U.S. Losing the World's Biggest Manufacturing Race: Electric Vehicles - jseliger
https://www.forbes.com/sites/paulbledsoe/2019/04/08/america-is-losing-the-worlds-biggest-manufacturing-and-climate-race-electric-vehicles/#3d9a2da111e1
======
woodandsteel
This article has it exactly right. The EV revolution is about to happen. That
is because plunging battery prices mean that in another two or three years EV
sticker prices for larger cars will match that of ICE's, and in following
years will match for smaller ones. [https://cleantechnica.com/2019/04/17/bnef-
shocker-electric-c...](https://cleantechnica.com/2019/04/17/bnef-shocker-
electric-cars-price-competitive-in-2020-as-battery-costs-plummet/)

Given that operating expenses for EV's are much lower, market demand will
suddenly swing over to EV's. The only limit to growth will be how fast battery
production and EV production will be able to expand. And this will turn the
auto industry, and everything associated with it, on its head.

What past history shows is that when there is a radical technical revolution
like this, many if not all of the incumbents will go out of business, and many
if not all of the new market leaders will be startups. And the transition is
not an easy one, it is not like and ICE manufacturer can just decide one day
to start making EV's and be doing so a year later.

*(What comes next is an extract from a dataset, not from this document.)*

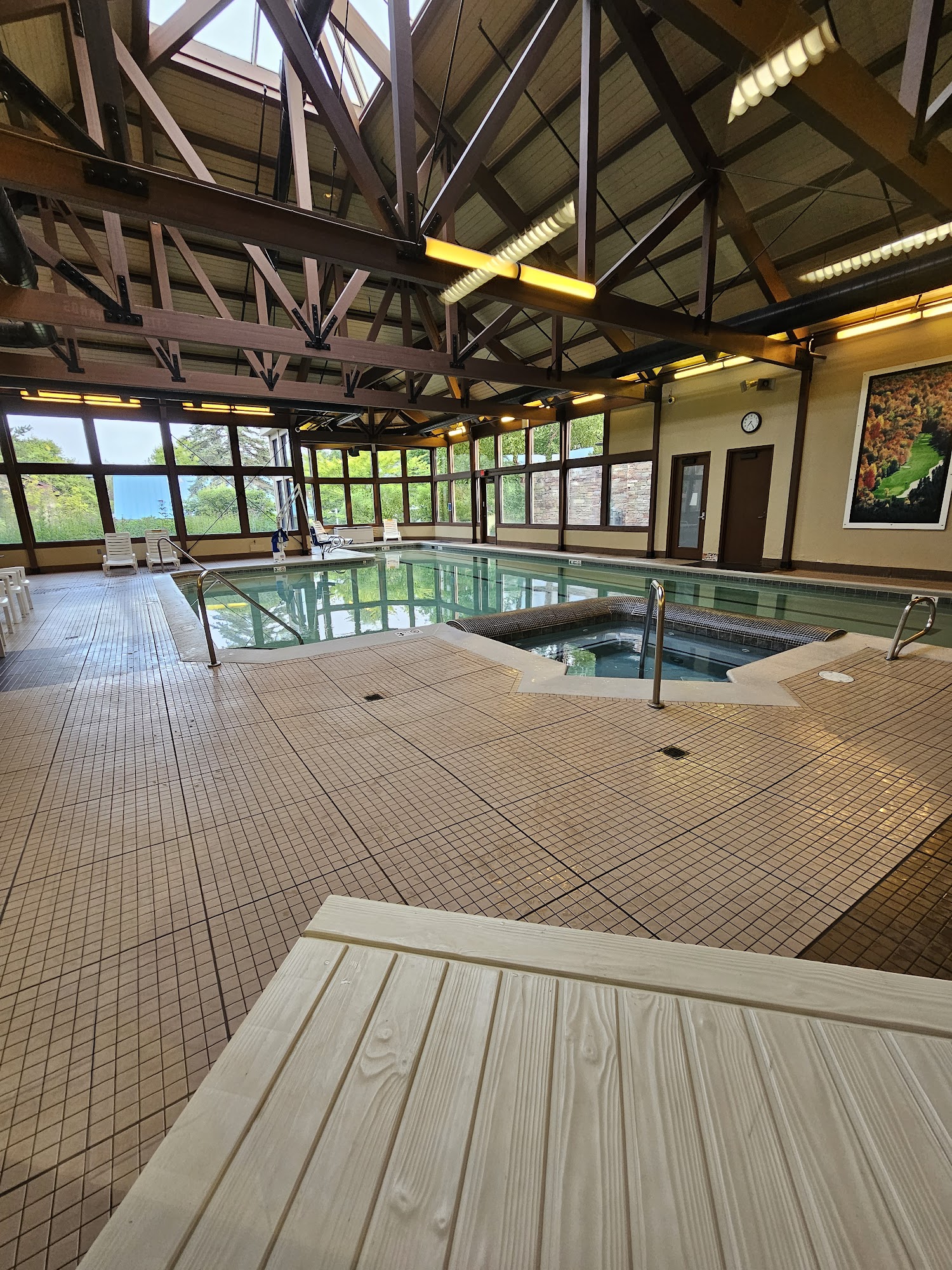 This is a nicely appointed spa, fitness center, and pool at Crystal Mountain Resort. My only complaint is that the fitness center does not open until 7:00 each morning. We have young children and my wife and I like to take turns hitting the fitness center before the kids wake up, but that wasn't possible because the center opened so late. That meant that we really couldn't take advantage of it during our stay. But for those who can, it looks like a nice facility.

It takes years to develop
the expertise and supply chain.

So the companies that are not pushing hard today are going to be in very
serious trouble in a few years. And at present that includes most American
manufacturers. Only GM seems semi-serious. And that in turn means the
government should be doing everything right now to encourage them to get to
work on EV's.

One final point. There is endless coverage about Tesla, and it certainly
deserves a great deal of attention. But the press is largely missing the
important story, which is that the EV revolution is starting to get going all
around the world.